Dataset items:
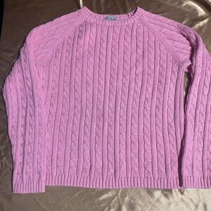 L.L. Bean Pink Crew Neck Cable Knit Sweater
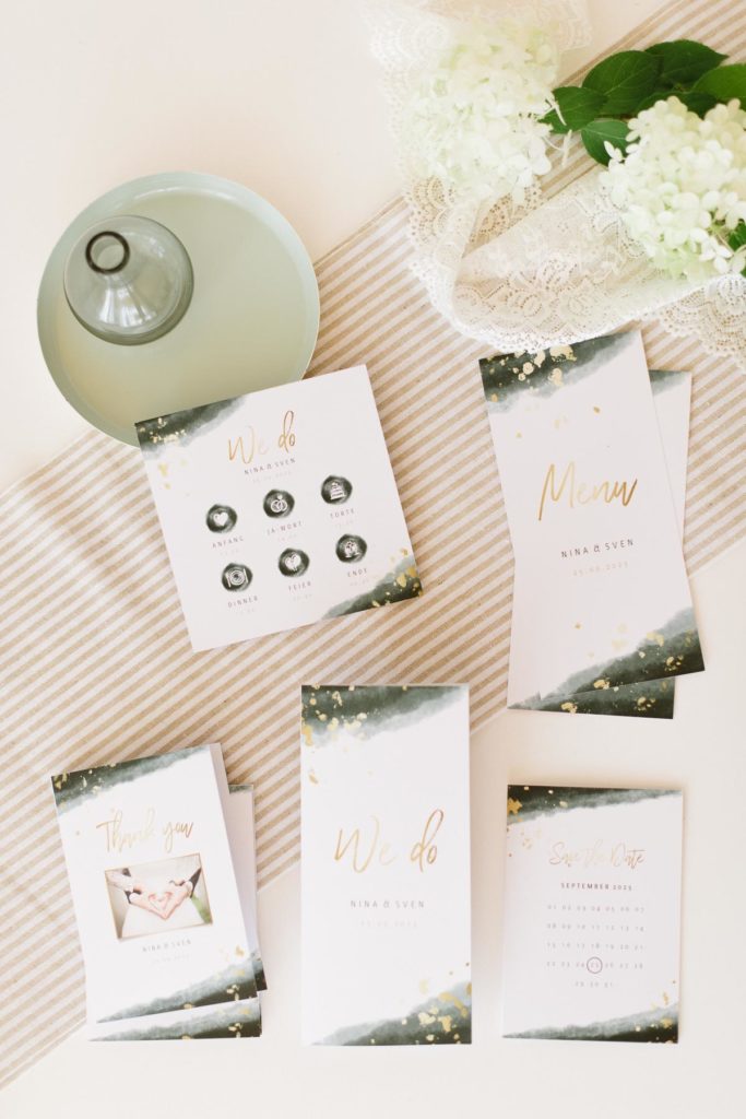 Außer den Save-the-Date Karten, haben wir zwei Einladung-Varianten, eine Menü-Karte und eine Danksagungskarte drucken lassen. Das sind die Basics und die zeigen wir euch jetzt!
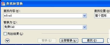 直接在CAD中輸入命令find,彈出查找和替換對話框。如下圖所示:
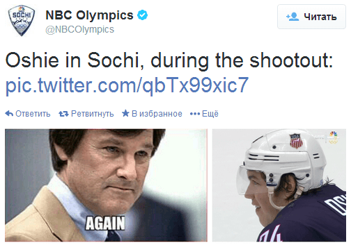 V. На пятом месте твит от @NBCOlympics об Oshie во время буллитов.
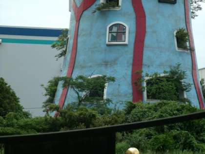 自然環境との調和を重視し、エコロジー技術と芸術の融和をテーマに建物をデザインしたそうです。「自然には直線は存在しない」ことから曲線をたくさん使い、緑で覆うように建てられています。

→ Task statement:
A verbatim copy of every record is required, with all pictures excluded.

→ Answer space:
 L.L. Bean Pink Crew Neck Cable Knit Sweater
 Außer den Save-the-Date Karten, haben wir zwei Einladung-Varianten, eine Menü-Karte und eine Danksagungskarte drucken lassen. Das sind die Basics und die zeigen wir euch jetzt!
 直接在CAD中輸入命令find,彈出查找和替換對話框。如下圖所示:
 V. На пятом месте твит от @NBCOlympics об Oshie во время буллитов.
 自然環境との調和を重視し、エコロジー技術と芸術の融和をテーマに建物をデザインしたそうです。「自然には直線は存在しない」ことから曲線をたくさん使い、緑で覆うように建てられています。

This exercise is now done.